He said the “very somber” ceremony on September 2, 1945 proceeded aboard the Missouri with the assembled crews of the Missouri, the South Dakota and other ships topside to observe the historic moment. Fleet Admiral Chester Nimitz, Admiral William Halsey and Southwest Pacific Area supreme commander Douglas MacArthur led the U.S. contingent in accepting the surrender of their Japanese counterparts. It all went off without a hitch. Saylan and his shipmates followed orders by not expressing any emotions that might dishonor the Japanese.
Saylan was discharged as a first class petty officer.
After the war he remained in the grocery business and by the mid-1950s he retired. Bored after a few months, he took over a window wares company that became a big success. His son now has the business.
Saylan’s visited the USS South Dakota Battleship Memorial in Sioux Falls SD.
Kevee Kirshenbaum, C.O. of Minesweepers in WWII and Korea
Kevee Kirshenbaum had the distinction of being assigned six different minesweepers in two separate wars during his U.S, Navy service.
He was a University of Nebraska sophomore when he joined up in 1942. His first assignment came as an ensign aboard a sweeper sent to the Aleutian Islands. At Cold Bay, Alaska he helped train Soviet naval personnel in minesweeping techniques as part of the top secret Project Hula, which was to ready the Soviets to invade Japan from the north.
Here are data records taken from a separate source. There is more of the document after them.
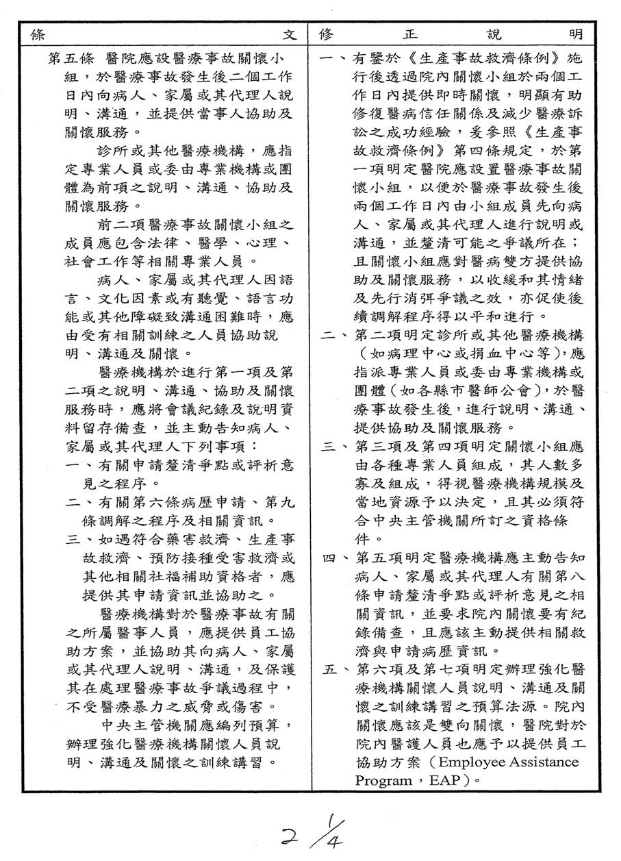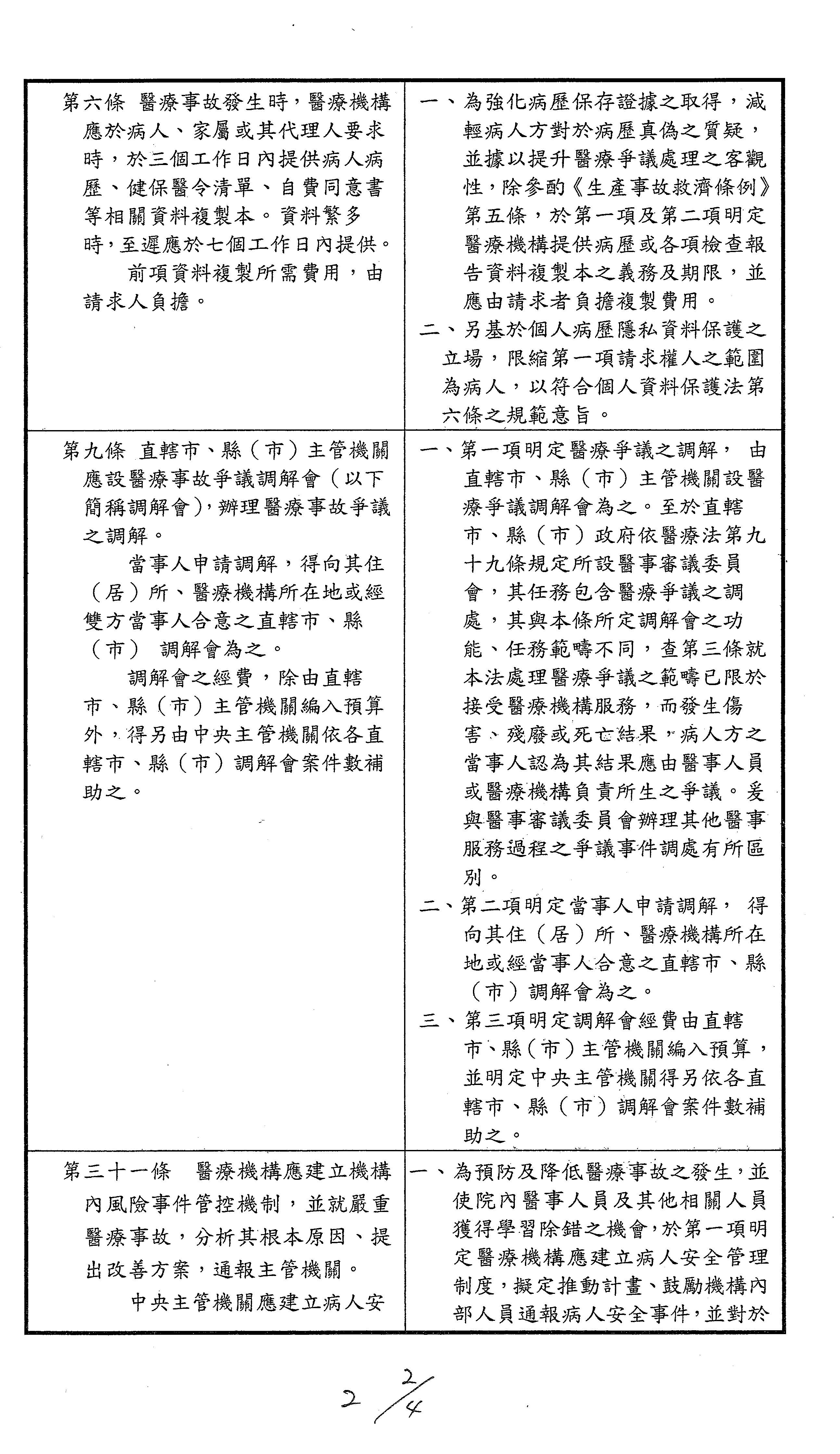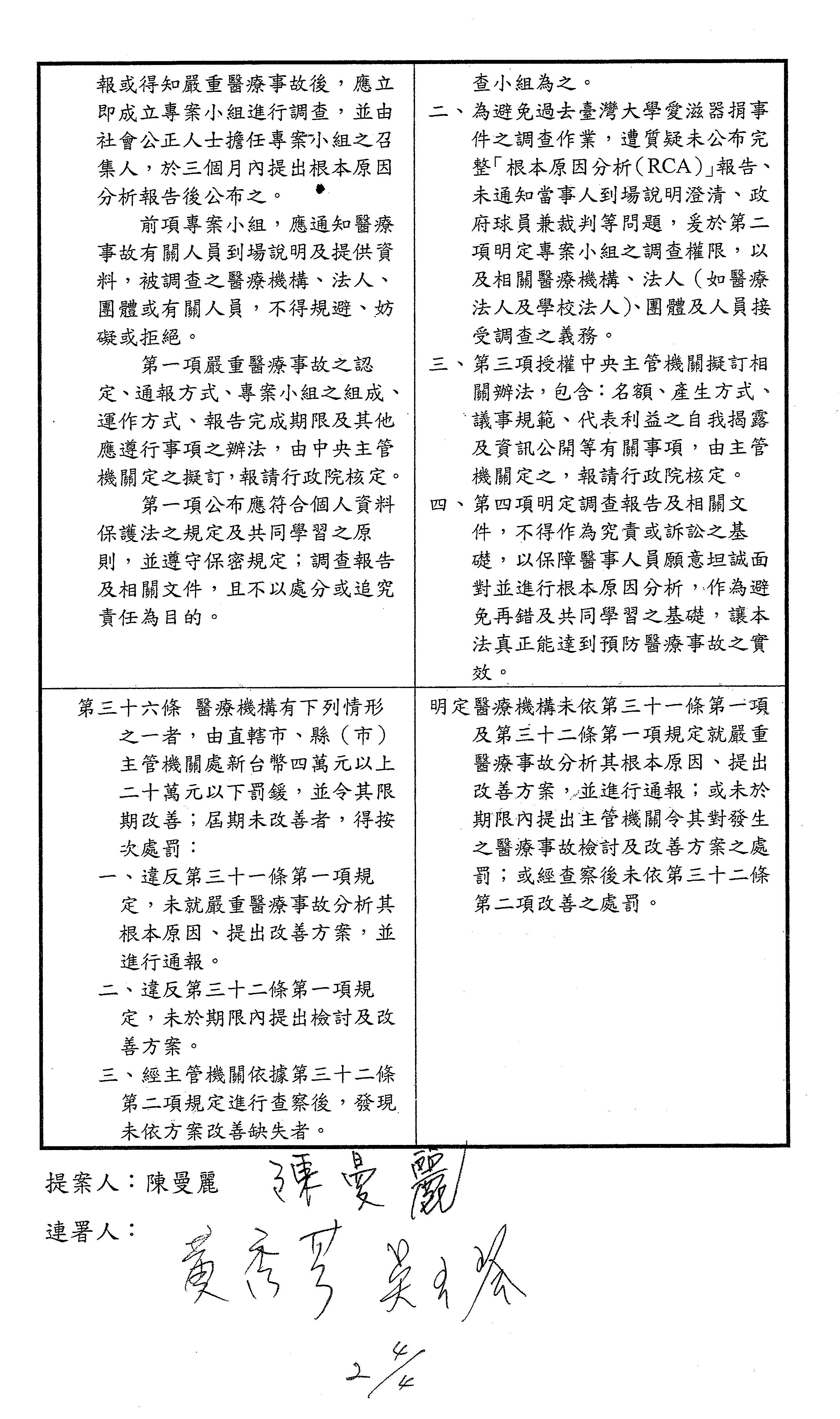 委員陳宜民等19人提案: 第三十二條 主管機關對發生醫療事故或醫療爭議之醫療機構,得視需要令其限期分析發生原因,並提出檢討及改善方案。 主管機關得於前條第二項通報或前項提出檢討及改善方案後一年內,查察改善方案之執行。 |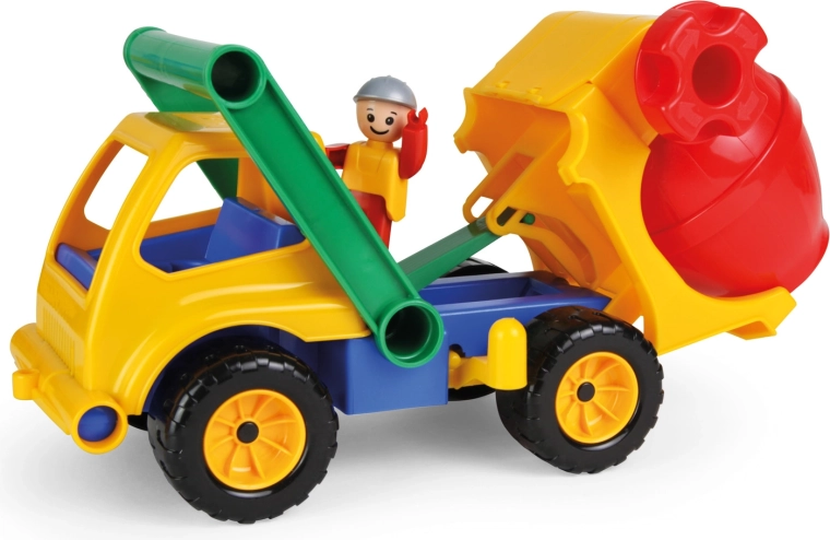 Ez a masszív és biztonságos műanyag betonkeverő ideális a kis építőknek. A forgatható és billenthető dob élethűen utánozza a valódi gépet, és órákon át tartó szórakozást nyújt a homokozóban vagy otthon. A minőségi anyag rugalmas és tartós, ami hosszú élettartamot biztosít.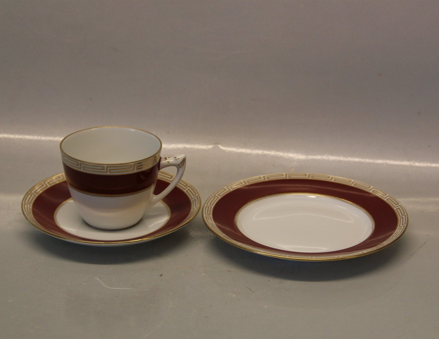 028 a Cake plate 15.5 cm (306) Wagner Bing and Grondahl White base, rust red border, à la Grecque gold rim, form 469 and form 601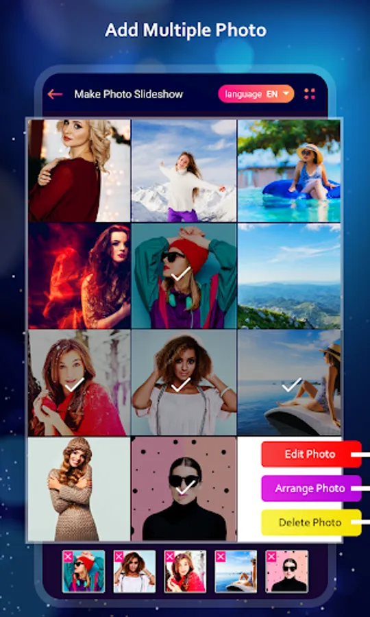 Video maker with photos & music is a powerful video Editing tool to create video from photos and music with an extremely diverse and unique photo library, sound effects, overlay effects, frames. Free video maker with music and photos, pro video combiner app, merge photos to create slideshow with music.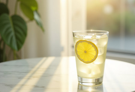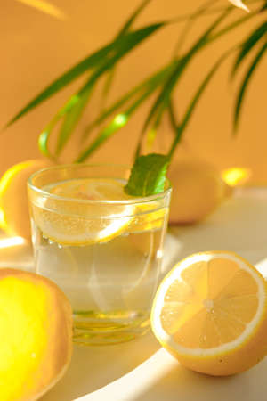 A transparent glass with a slice of lemon and ice on the background of sunlight. Refreshing summer cocktail healthy.

Once while traversing an igloo-like tunnel on base he ran into an old chum from Omaha — Lee Bernstein. When they see each other today they’re still amused at meeting each other in such a desolate spot.
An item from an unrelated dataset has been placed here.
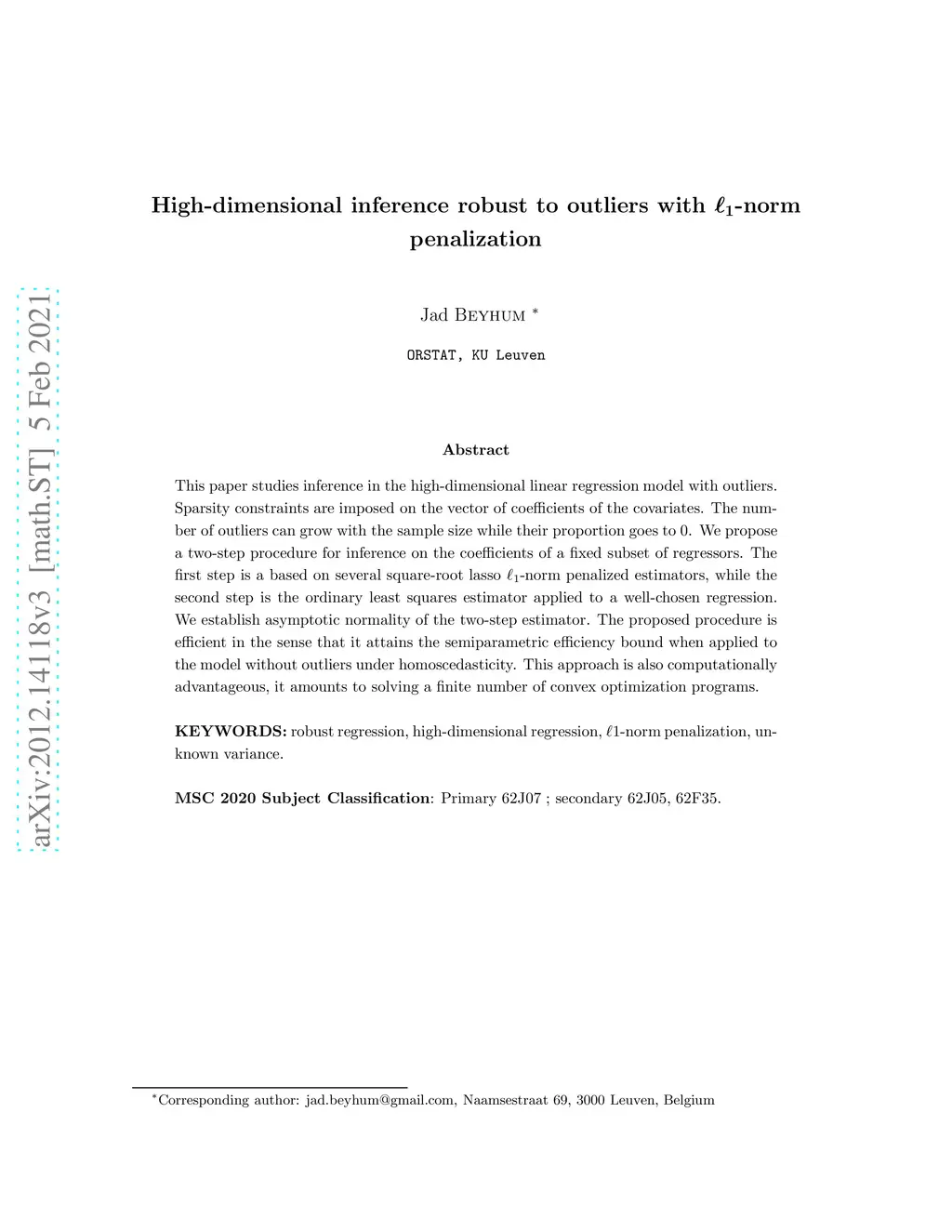 This paper studies inference in the high-dimensional linear regression model with outliers. Sparsity constraints are imposed on the vector of coefficients of the covariates. The number of outliers can grow with the sample size while their proportion goes to 0. We propose a two-step procedure for inference on the coefficients of a fixed subset of regressors. The first step is a based on several square-root lasso l1-norm penalized estimators, while the second step is the ordinary least squares estimator applied to a well chosen regression. We establish asymptotic normality of the two-step estimator. The proposed procedure is efficient in the sense that it attains the semiparametric efficiency bound when applied to the model without outliers under homoscedasticity. This approach is also computationally advantageous, it amounts to solving a finite number of convex optimization programs.

Kirshenbaum went from one extreme to the other in the Philippines, where he said, “we swept mines all the way along the coast down close to Borneo.” He said sweepers lived by the motto: “where the fleet goes, we’ve been.”
His worst WWII experience came while anchored in Subic Bay during a typhoon. Ordered to get under way, the ship’s fluke caught on the open hatch of a sunken boat. That left the ship riding out the storm like a top on a string.
“We stayed there for 48 hours, just going around in circles. You never saw so many sick people.”
His group made preparations for Okinawa and the planned invasion of Japan when the atomic bombs were dropped. It was then he took command of his first ship, the YMS-49, in Shanghai, China.
“My best experience of the war really was when I had command of a ship. The war was already over — what we did was sweep the mines in the Huangpu River. We didn’t find any mines there but we found an awful lot of bodies. You would see Chinese boats going by with a hook picking the bodies up.”
Becoming a C.O. at only 22, he said proudly, “was an accomplishment.”
Some fears he harbored were soon quelled.
“When I went aboard ship I didn’t know what the reaction would be to my being Jewish. The Navy had as a whole very few Jewish personnel. Then there was my age. I knew some of these guys knew more than I did. Half the crew was much older than I was and more experienced. But luckily enough I didn’t have any problems. The crew was very good and respectful.”
Back home he finished school, joined the Navy Reserve, went to work and got married. Then the Korean conflict broke out and he was assigned minesweeping duty again. In Sasebo, Japan he served on a ship and transferred to train the South Korean Navy, which helped shake off the rust of four years away from active service. Later, he went to Korea to command the USS Redhead, which swept mines in hostile waters, even past the 38th parallel. The mine fields were thick with danger and his ship and others came under fire by shore artillery batteries.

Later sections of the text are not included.